We had weeks where these tantrums seemed to only get better slowly. I would often feel discouraged, but I noticed that the times to calm down would decrease. The intensity of the tantrums decreased and his ability to bounce back got better.
This is when I started writing my daily wins, since I felt minimal progress. The writing down of my wins helped me see this gradual change.
One day I had a massive win. I was once again sleep deprived, and I was trying to put up a new black out curtain in my kids room, so the morning sun wouldn't wake up my kids at 6 am. I was getting frustrated, and my son brought me his toy hammer. He said that it would help me, and then he asked "that's love"?
I nodded. That was love. I told him that he was helping me and helping others is how we show love. I realized that he was learning from my daily mini lessons. The pyschoeducation about emotions took time for him. How do you define love? How do you show it? How do you feel it? These questions are abstract and difficult for a toddler to learn.
But I think in that moment he understood it. He saw me struggling and could sense my frustration. He saw my need, and wanted to help. Was that empathy? Yes.
He took action on his desire to help me by bringing me his toy hammer. Love is an action word. That was love.
In that moment, I just hugged him and told him that he was showing me love, and how much I appreciated that.
It meant so much to me in that moment. It helped me see that I was a good enough mom. I wasn't failing. My son was learning and growing. He wouldn't be hitting her forever. He could learn how to love her.

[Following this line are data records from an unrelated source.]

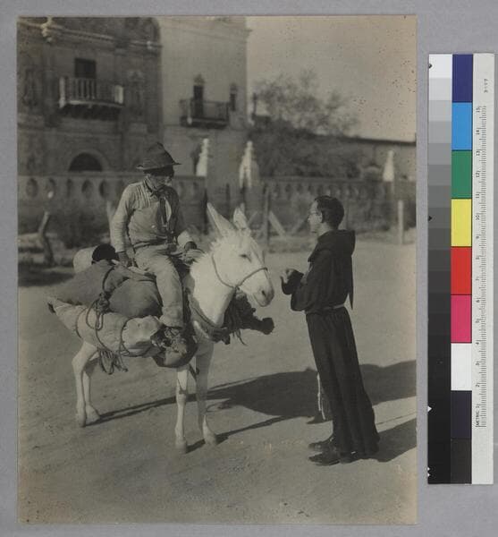 1 photograph of a prospector and a priest outside San Xavier del Bach Mission near Tucson, Ariz
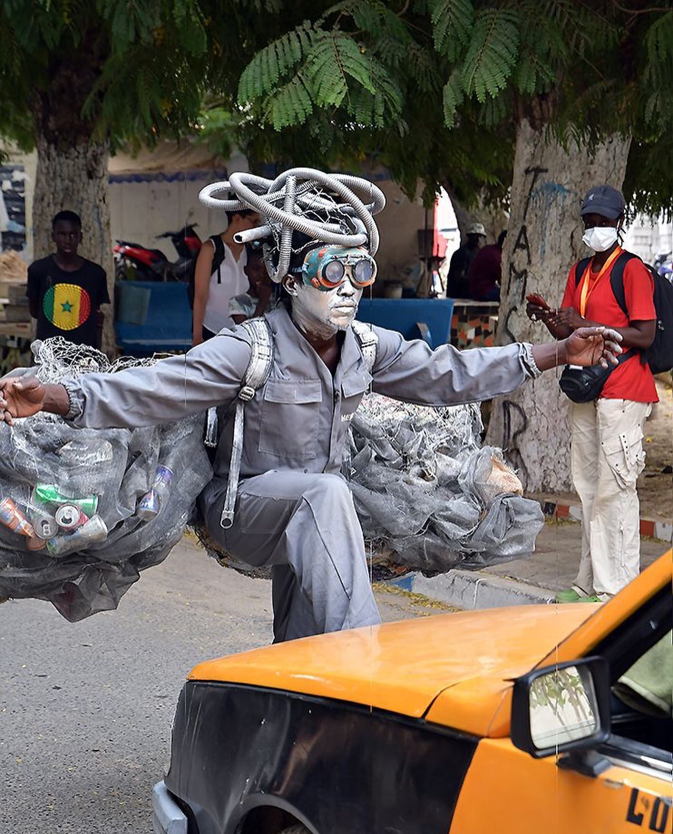 Le collectif Villes en Mouvement avec Ker Thiossane et Alt-Del Geej Mambulaan a organisé un programme d’art performatif sur le thème de l’écologie dans une conversation ouverte avec les rues. Une autre proposition performative est celle de Precy Numbi, artiste installé à Bruxelles, qui a commencé à développer des performances de robots éco-futuristes à Kinshasa. Precy Numbi et son alter ego, Robot Kimbalambala, ont invité quelques camarades de la diaspora de Kigali et d’Abidjan à partager un doxantu (« une balade » en wolof), déambulant à travers éco-futurisme, célébrations rituelles et rencontres humaines non-humaines entre l’océan Atlantique et d’immenses sites industriels, voués à devenir des appartements de luxe.
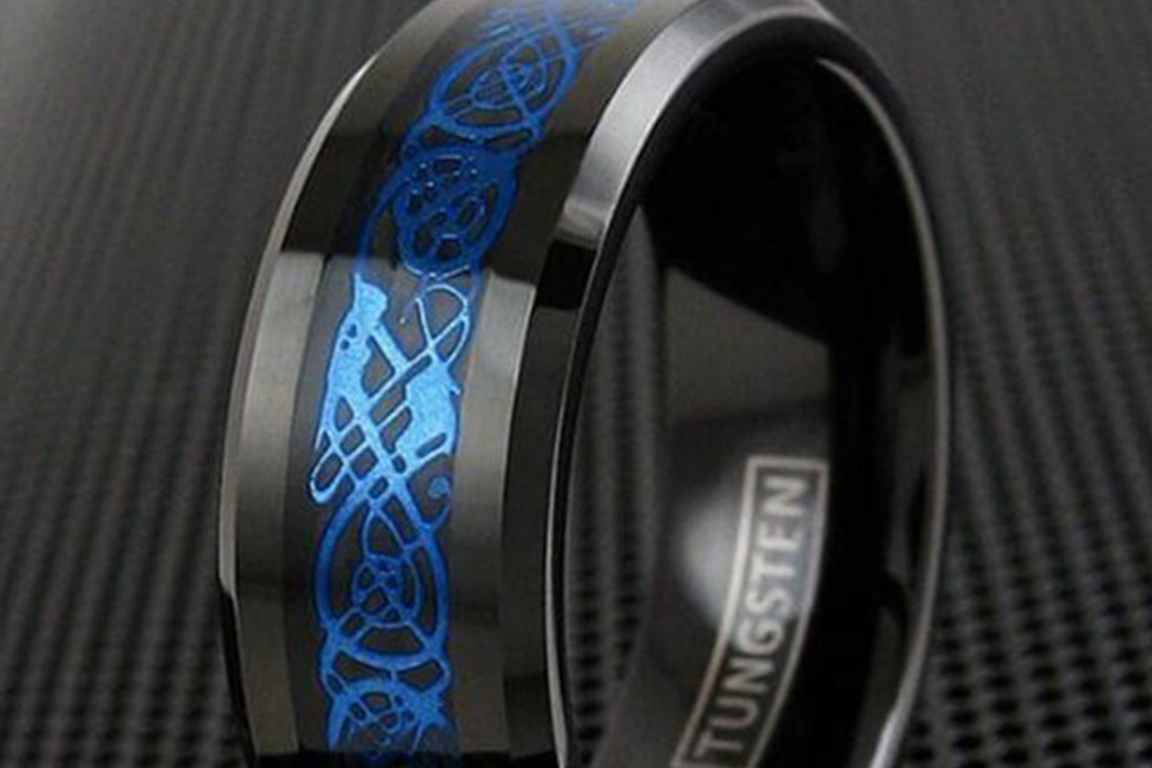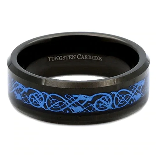 The Women or Men's Tungsten Carbide Wedding Rings Band with a Black Resin Inlay and Sky Blue Celtic Dragon Knot Ring design is a unique and stylish option for those who want a wedding band that stands out. The black resin inlay and sky blue Celtic dragon knot design create a bold and eye-catching look that is sure to make a statement. The black resin inlay and sky blue Celtic dragon knot design add a pop of color and personality to the tungsten ring for men, while still maintaining a timeless and classic look. The design is available in a range of widths, from 4mm to 10mm, making it suitable for both men and women. Overall, the Women or Men's Tungsten Carbide Wedding Rings Band with a Black Resin Inlay and Sky Blue Celtic Dragon Knot Ring design is a great choice for those who want a wedding band that is both unique and timeless. The black resin inlay and sky blue Celtic dragon knot design create a bold and colorful look that is sure to make a statement, while the durable and scratch-resistant tungsten carbide ensures that the ring will last for many years to come.
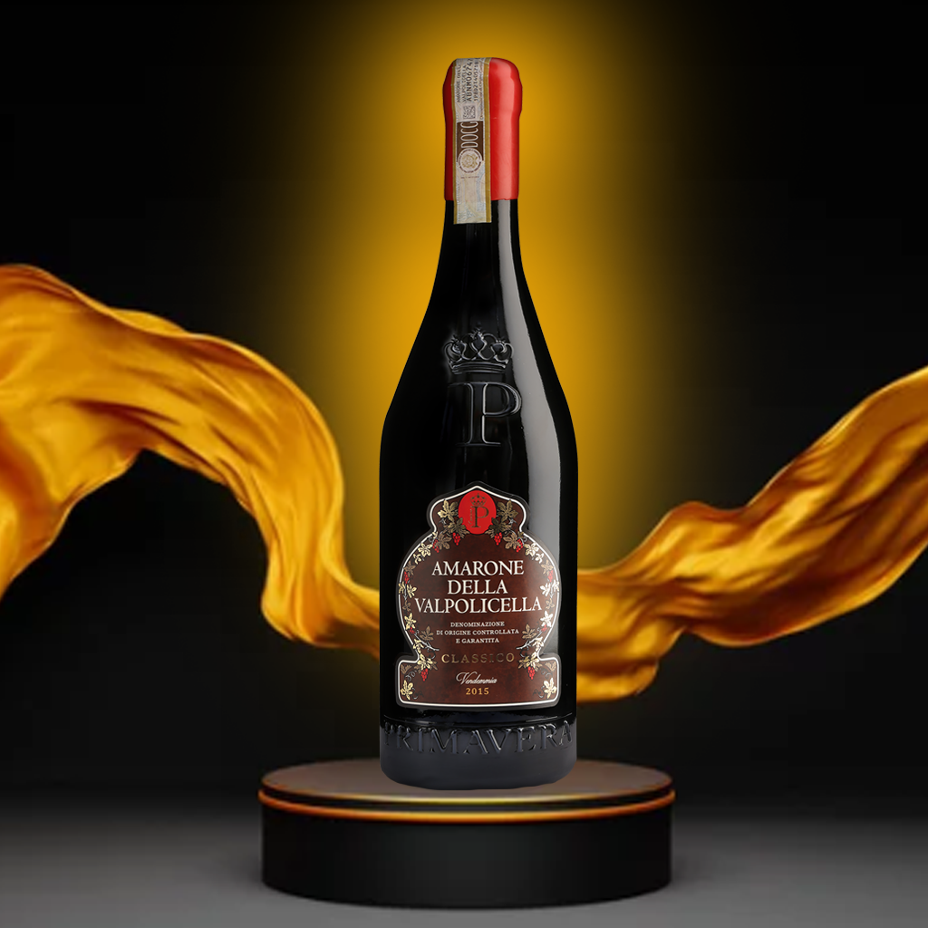 Il vino viene affinato in botti di legno per circa 18 mesi. L’Amarone della Valpolicella D.O.C.G., è un vino rosso ottenuto dall’appassimento di uve selezionate, raccolte a mano e pressate al momento indicato dal Consorzio di Tutela.
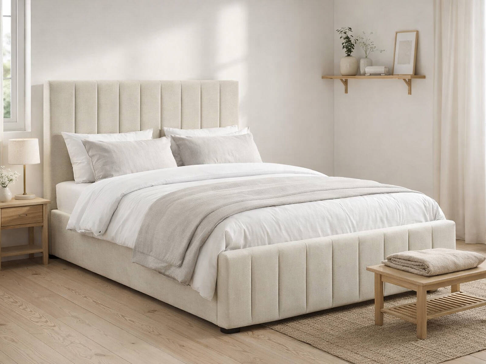 Кровать Верона 160х200 от бренда «Хочу домой» — это гармоничное сочетание современной эстетики и функциональности для вашей спальни. Светло-бежевый оттенок велюровой обивки придаёт интерьеру мягкость и уют, а лаконичные вертикальные строчки на высокой спинке и изножье создают элегантный акцент, подчеркивая симметрию и изысканность формы. Такая двуспальная кровать органично впишется как в современный, так и в классический интерьер, добавив комнате спокойствия и стиля.
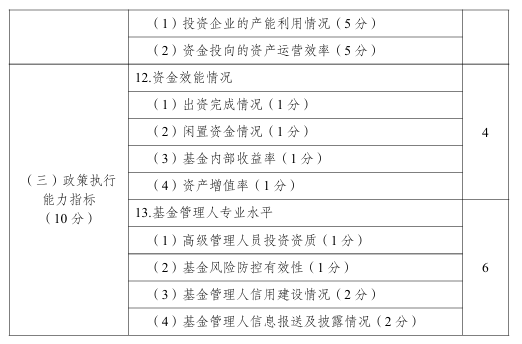 (三)政策执行能力指标,主要评价资金效能情况及基金管理人专业水平等。
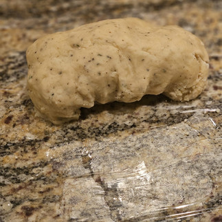 Press a sheet of cling film (saran wrap) flat on the counter. Make sure the cling film sticks to the countertop (easy with stone surfaces or just wet the back of film lightly so it adheres to the surface). The next steps are shown in the video above. Pick up one of the thirds of dough and press gently into a ball to remove air pockets. and then place in top of the cling film. Roll dough into a log about 1.5 inches (just under 40 mm) in diameter. Then roll the dough up in the cling film. When you have three rolls these should be put in the freezer for at least 1.5 hours. If the dough log is soft, you can slide each wrapped dough log into an empty kitchen paper towel roll to keep the roll in shape.
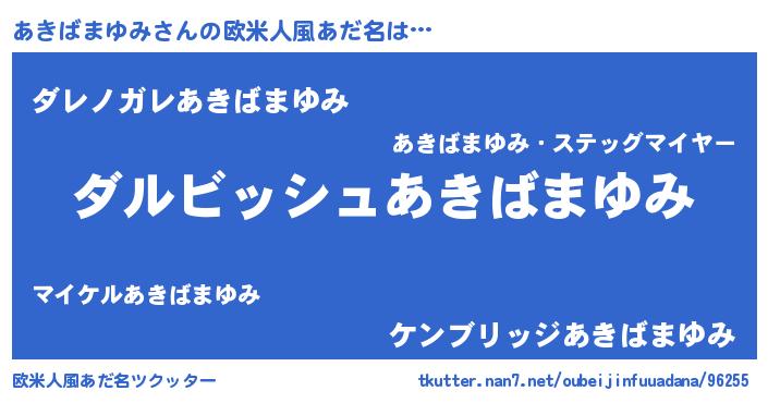 | 女子向けラノベタイトル風あだ名 | 『異世界で失敗しない100のあきばまゆみ』 |
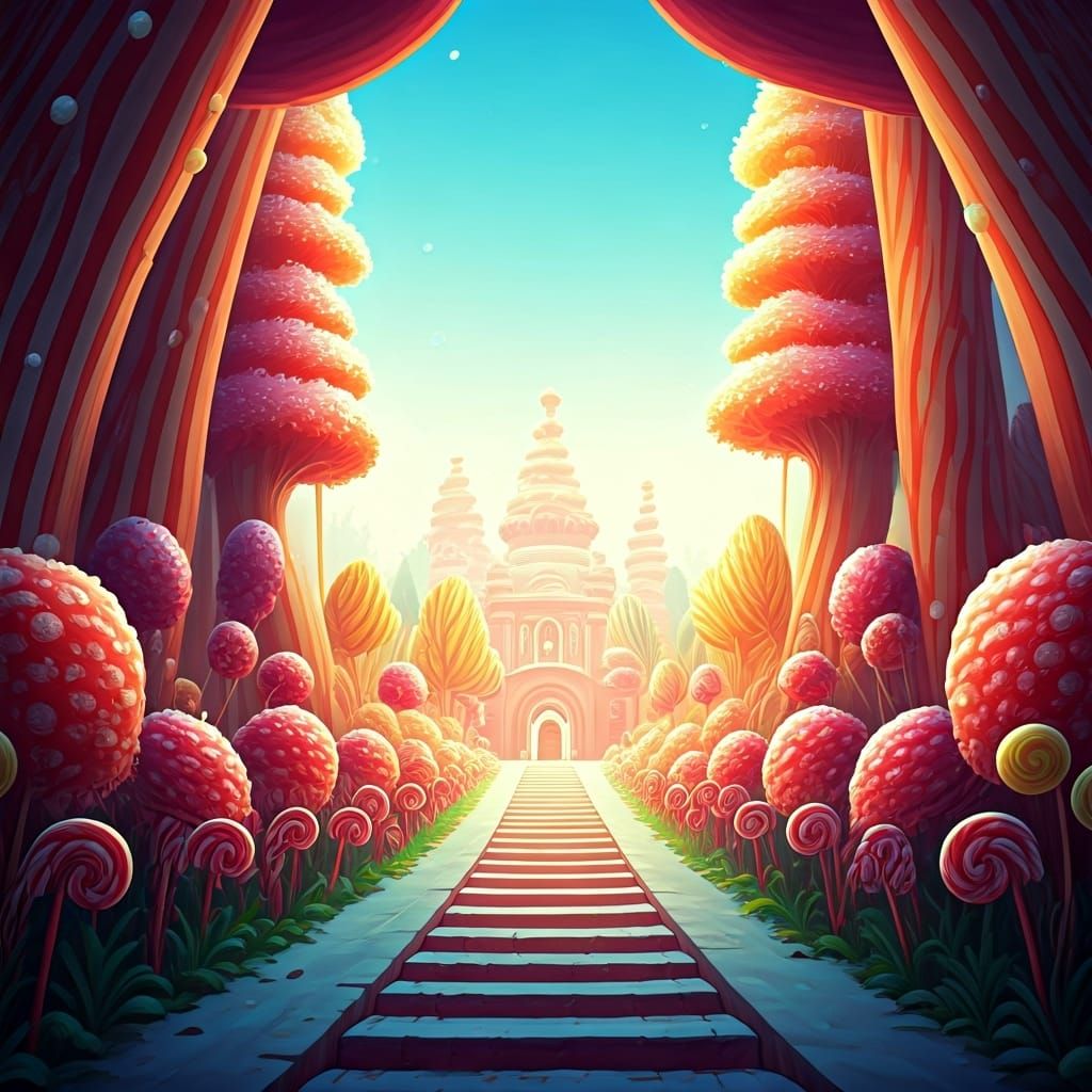 Create your own magical candy gardens with our free AI image generator. It's easy and fun!
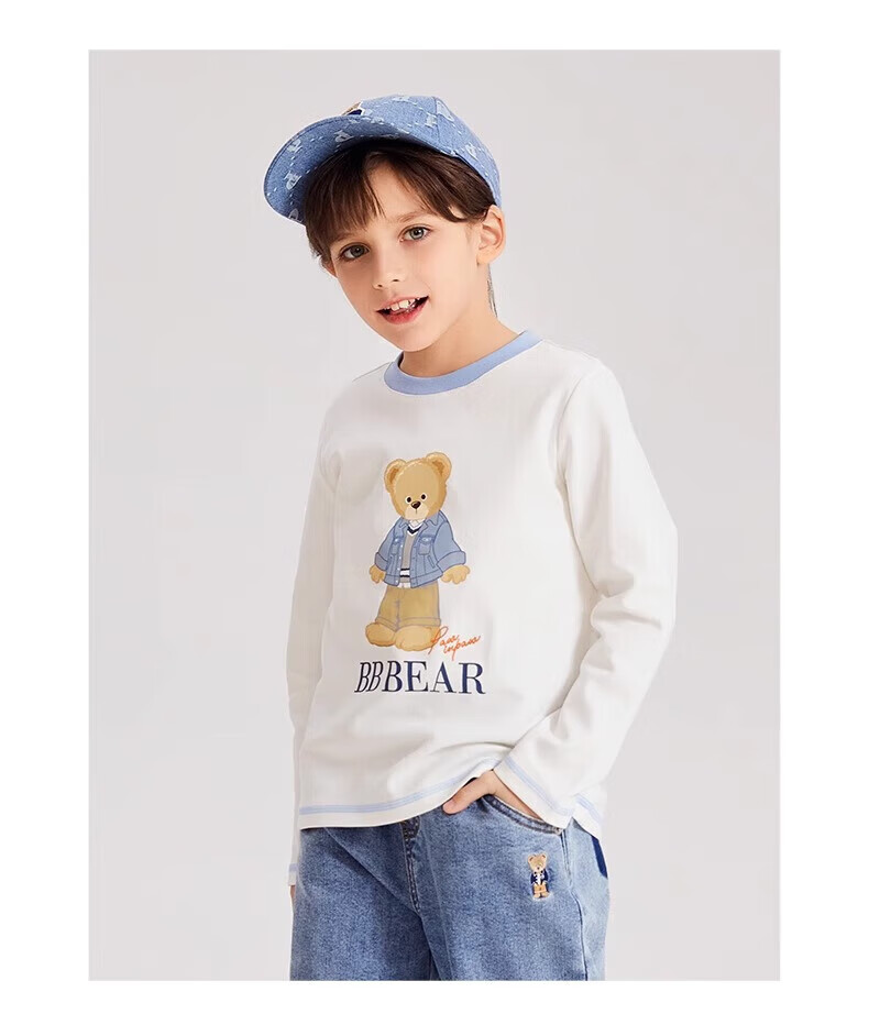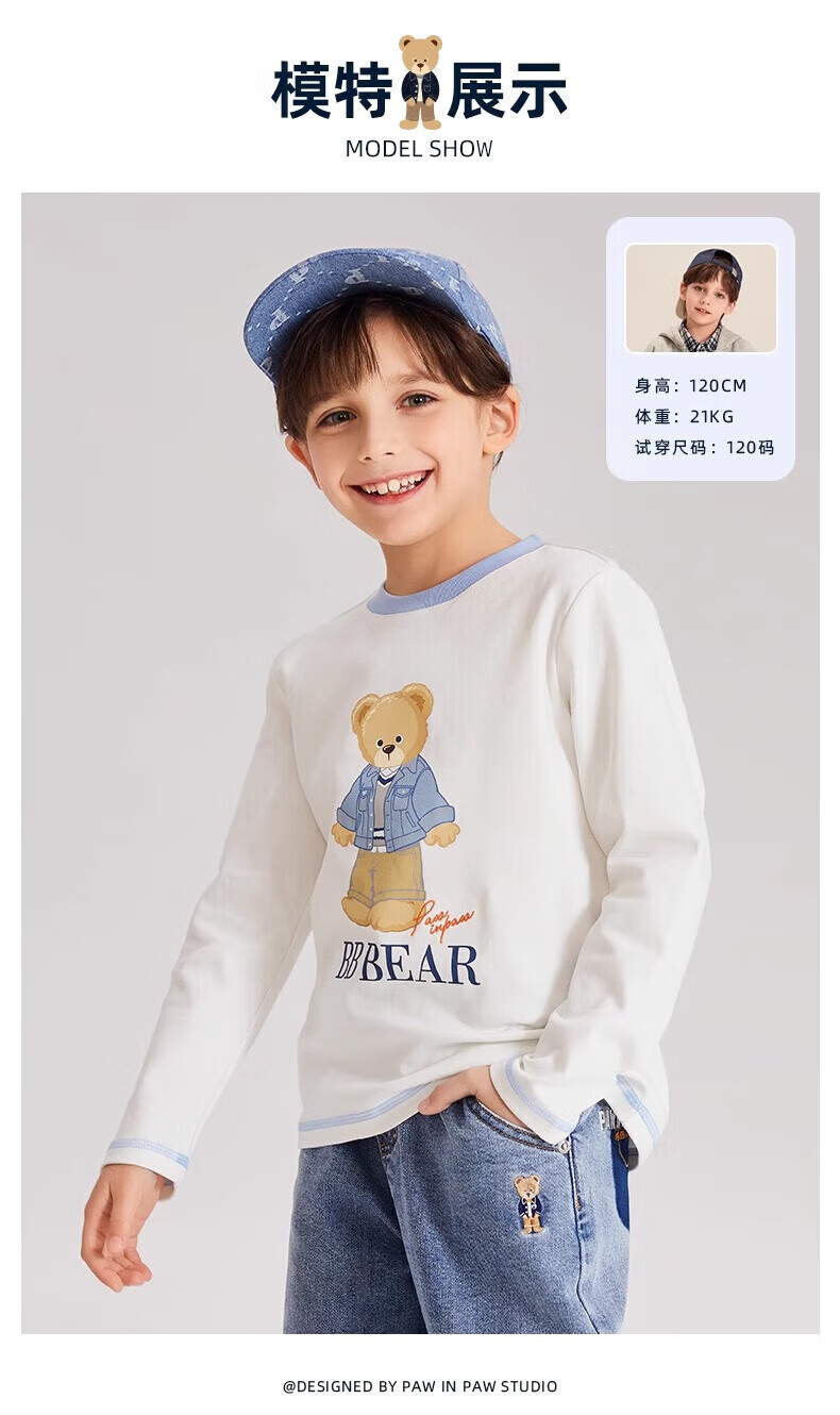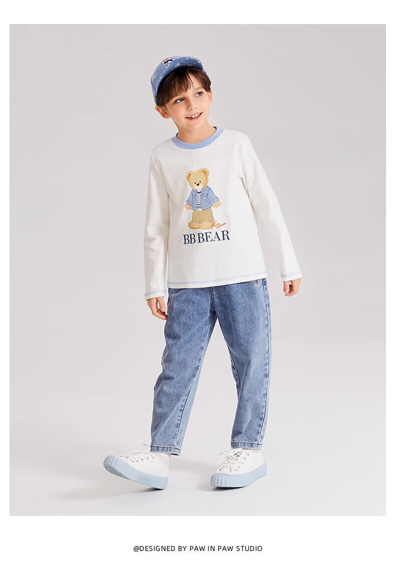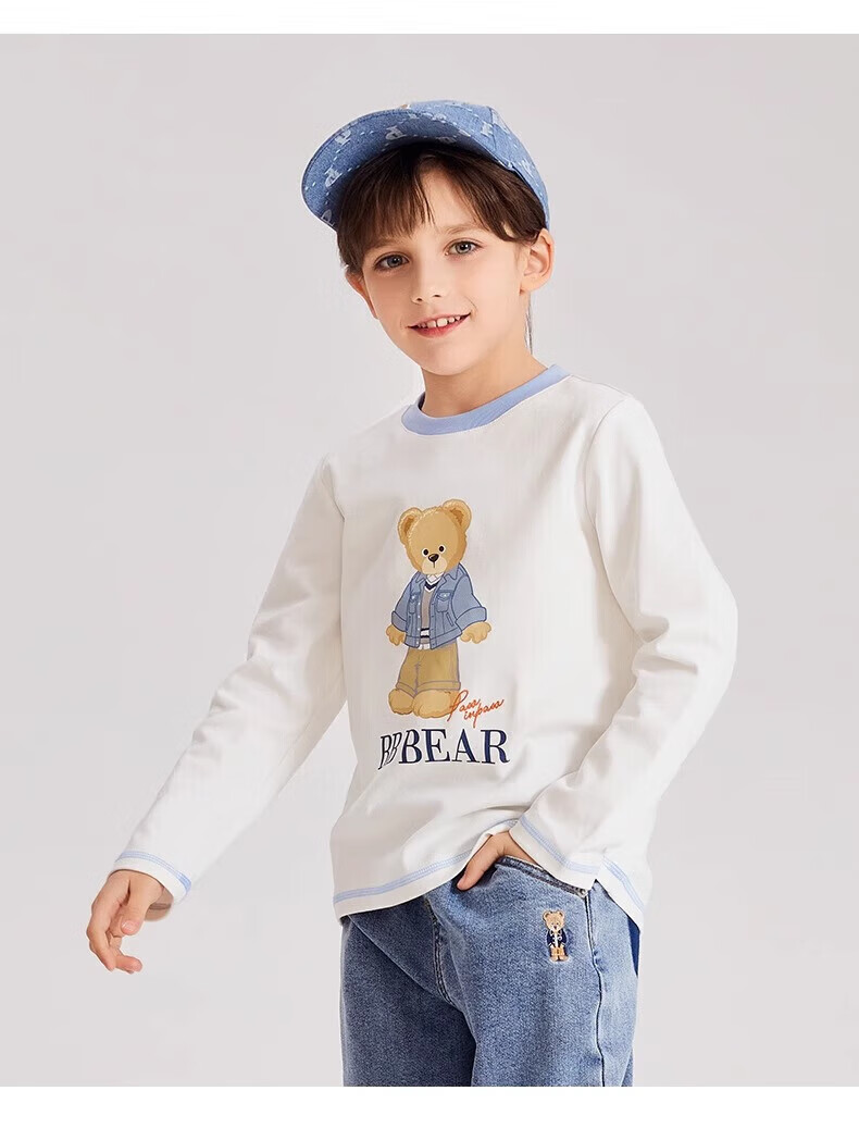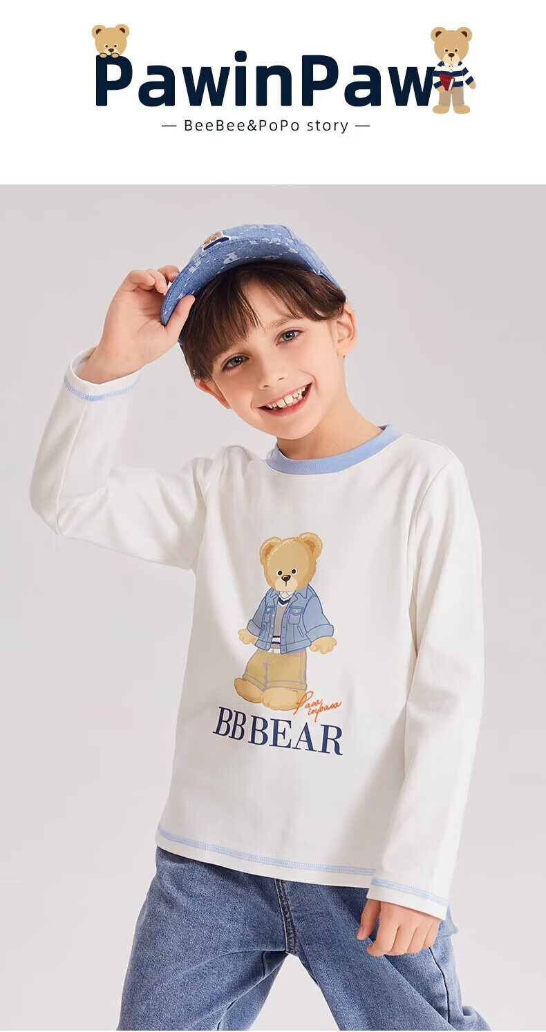 PawinPaw Cartoon Bear Children's Clothing Spring Boys Cartoon Print Round Neck Long Sleeve Children's T-shirt Sale Ivory/39 130 cm

I am not writing this to say that I'm a perfect mom or that I know all the answers. But I do think that these moral lessons of how to show empathy and love towards others is needed now. My heart aches for those in this world who are hurt because they are a recipient of other's harmful actions.
So, here I am writing this while my son is talking to me about how he wants to make heart necklaces for the kids in his preschool. I drew hearts on paper, and he is coloring them. He wants to make a necklace for each kid. It wasn't my idea. I was planning on buying valentines at the store. But homemade heart necklaces sound pretty amazing too.
Empathy doesn’t arrive all at once. It grows slowly, in moments we almost miss, during tantrums, in shared exhaustion, in small hands offering what they have.
Today, my son wants to make heart necklaces for his classmates. It wasn’t something I taught him directly. It’s just something he learned by watching, by feeling, by being loved.
In a world that feels heavy and unkind, I’m holding onto this: empathy is still being learned, one small act at a time.